* **Data shown**:
★ ★ ★ ★ ★ ★ ★
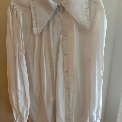 Ganni skjorte for dame i størrelse 34. Skjorten er hvit og laget av bomull. Den har lange ermer, knappelukking foran og stor krage med rysjedetaljer. Passer til hverdagsbruk og mer formelle anledninger, og kan kombineres med både bukser og skjørt. Materialet er lett og velegnet til bruk hele året. Se gjerne mine andre annonser også.
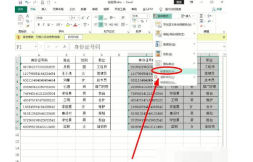 3、选择刚粘贴过来的数据,选择【开始】功能栏中的【条件格式】。
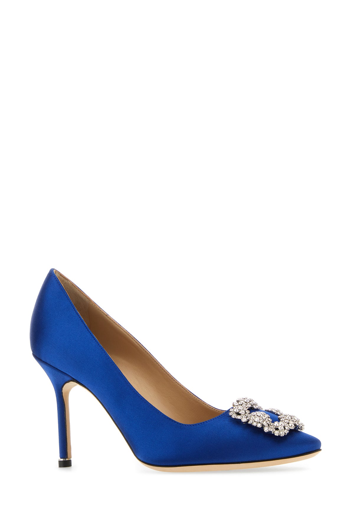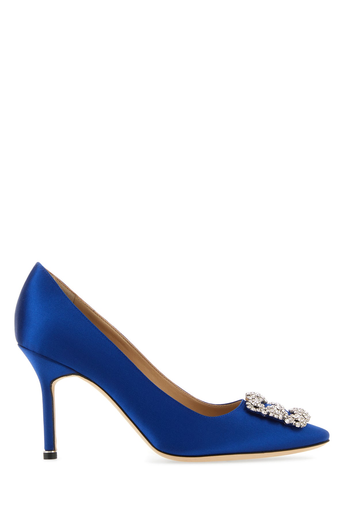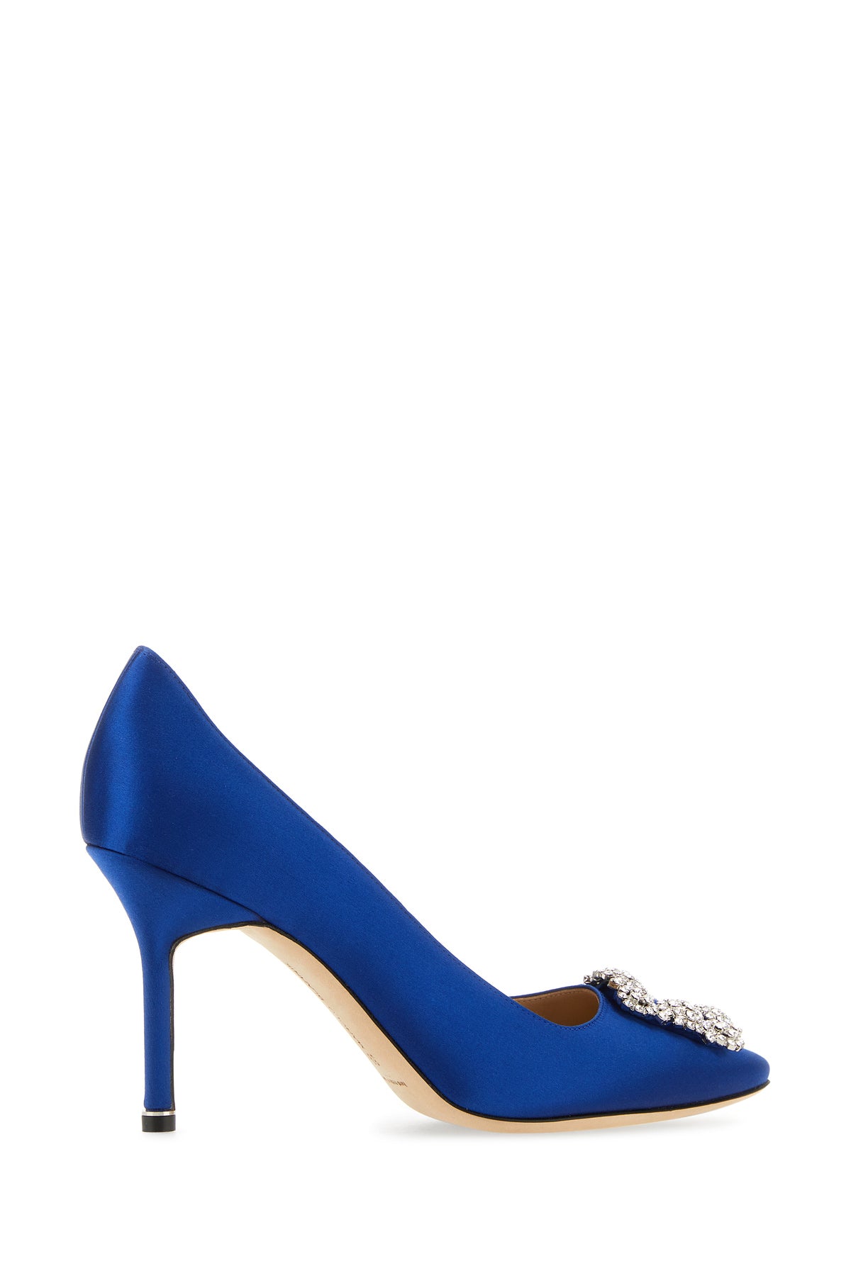 Scarpe con tacco realizzate in raso arricchite da dettaglio gioiello sulla parte frontale.
★ ★ ★ ★ ★ ★ ★
* **What is being asked**: Reproduce the entire listing exactly, except for any pictures it contains.

* **Written response**:
 Ganni skjorte for dame i størrelse 34. Skjorten er hvit og laget av bomull. Den har lange ermer, knappelukking foran og stor krage med rysjedetaljer. Passer til hverdagsbruk og mer formelle anledninger, og kan kombineres med både bukser og skjørt. Materialet er lett og velegnet til bruk hele året. Se gjerne mine andre annonser også.
 3、选择刚粘贴过来的数据,选择【开始】功能栏中的【条件格式】。
 Scarpe con tacco realizzate in raso arricchite da dettaglio gioiello sulla parte frontale.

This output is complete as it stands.